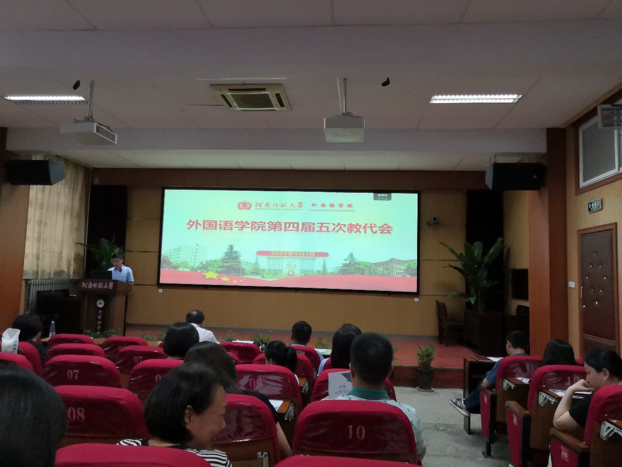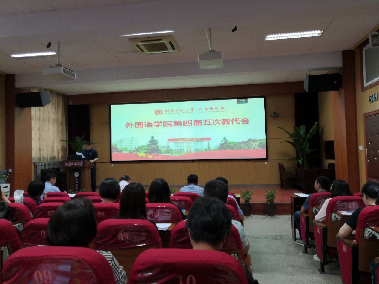 9月3日下午,外国语学院在学院学术报告厅召开外语学院第四届五次教职工代表大会。会议由院工会主席曹崇主持。
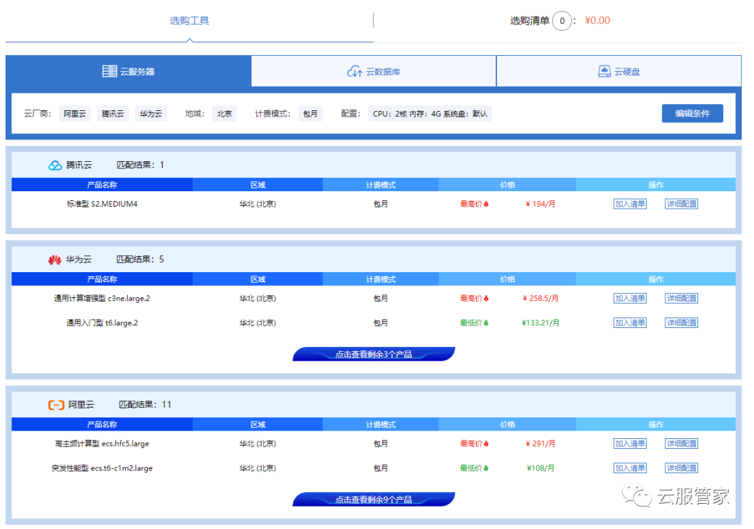 可以百度搜索 云服务之家认准下图:进入点击云比价即可。
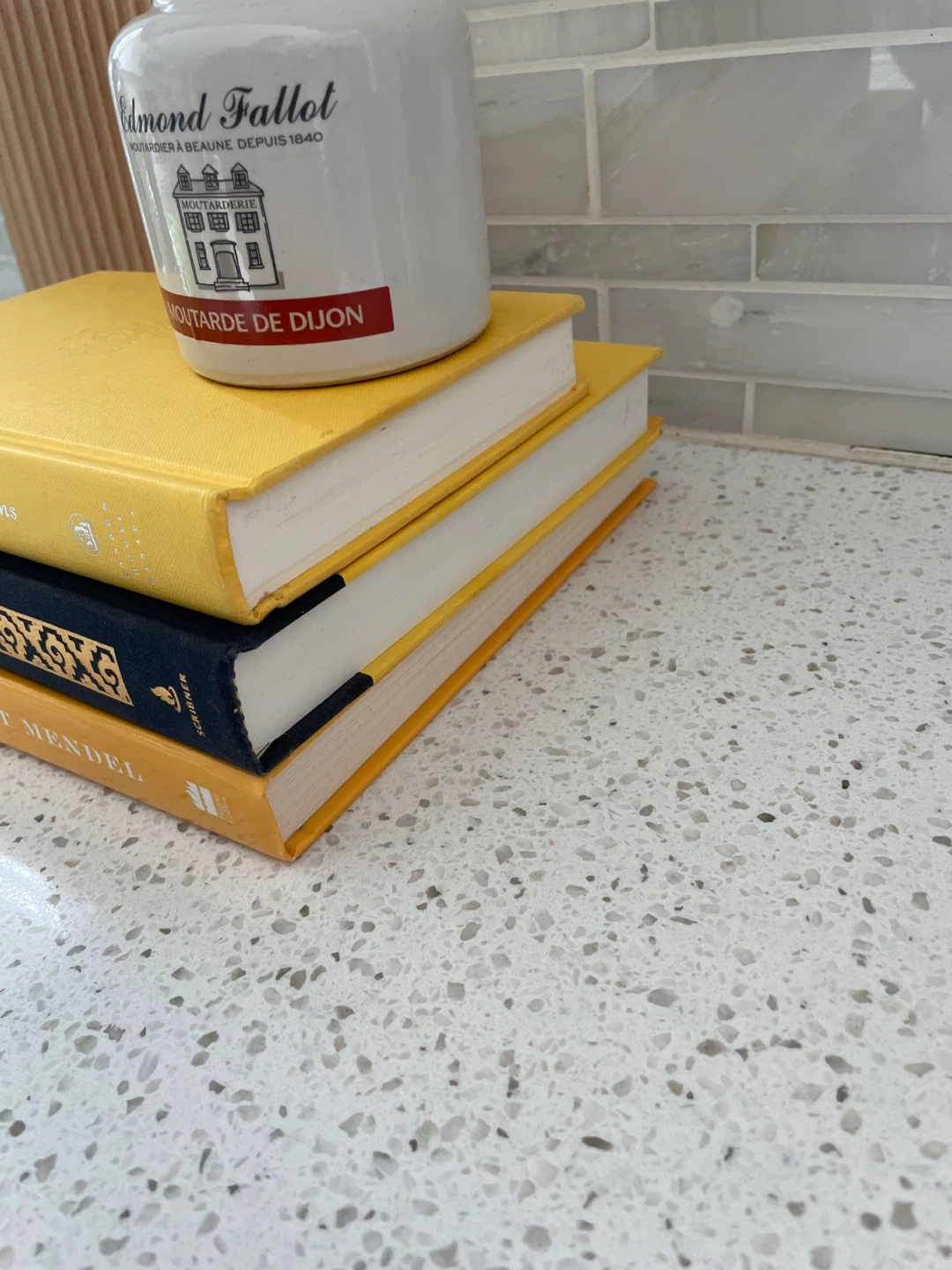Fun bright decor for your kitchen or coffee table! Beautiful yellows and navy blues
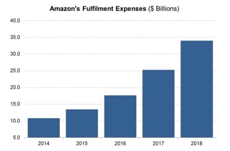 아마존이 밝힌 바에 따르면 2018년에 고객 배송비로만 전년 비 27% 상승한 277억 달러를 사용했으며, 물류 창고 등의 운영비용(Fulfilment Expenses)으로도 340억 달러를 사용해 전년 252억 달러에 비해서 88억 달러가 증가했습니다.
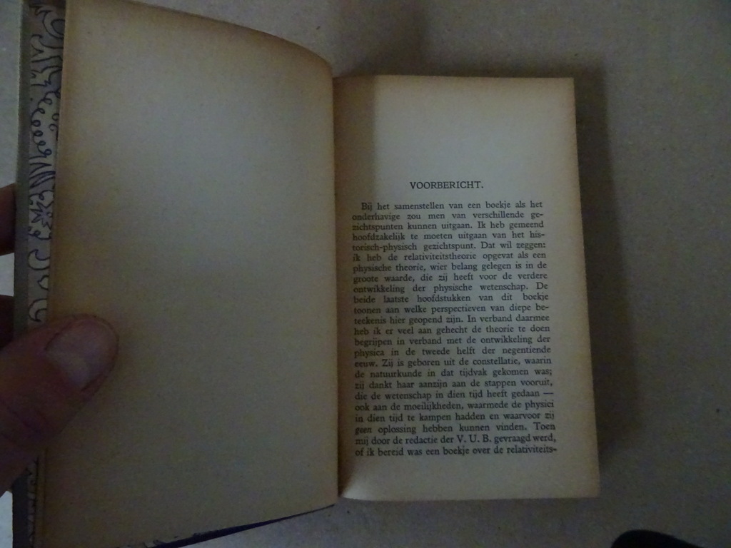 F.J. D. van der Waals Jr. De relativiteits-theorie, eerste druk uit 1923. In een prachtige gebruikte staat, zie foto’s. Van binnen nog mooi, lijkt ongelezen. 231 pagina’s. Johannes Diderik van der Waals Jr. ( 1873 – 1971) was een Nederlandse hoogleraar in de theoretische natuurkunde.

AIM OF THE TASK>
Images are not wanted in the copy. Please print the material above exactly.

OUTPUT OF THE EXERCISE>
 9月3日下午,外国语学院在学院学术报告厅召开外语学院第四届五次教职工代表大会。会议由院工会主席曹崇主持。
 可以百度搜索 云服务之家认准下图:进入点击云比价即可。
Fun bright decor for your kitchen or coffee table! Beautiful yellows and navy blues
 아마존이 밝힌 바에 따르면 2018년에 고객 배송비로만 전년 비 27% 상승한 277억 달러를 사용했으며, 물류 창고 등의 운영비용(Fulfilment Expenses)으로도 340억 달러를 사용해 전년 252억 달러에 비해서 88억 달러가 증가했습니다.
 F.J. D. van der Waals Jr. De relativiteits-theorie, eerste druk uit 1923. In een prachtige gebruikte staat, zie foto’s. Van binnen nog mooi, lijkt ongelezen. 231 pagina’s. Johannes Diderik van der Waals Jr. ( 1873 – 1971) was een Nederlandse hoogleraar in de theoretische natuurkunde.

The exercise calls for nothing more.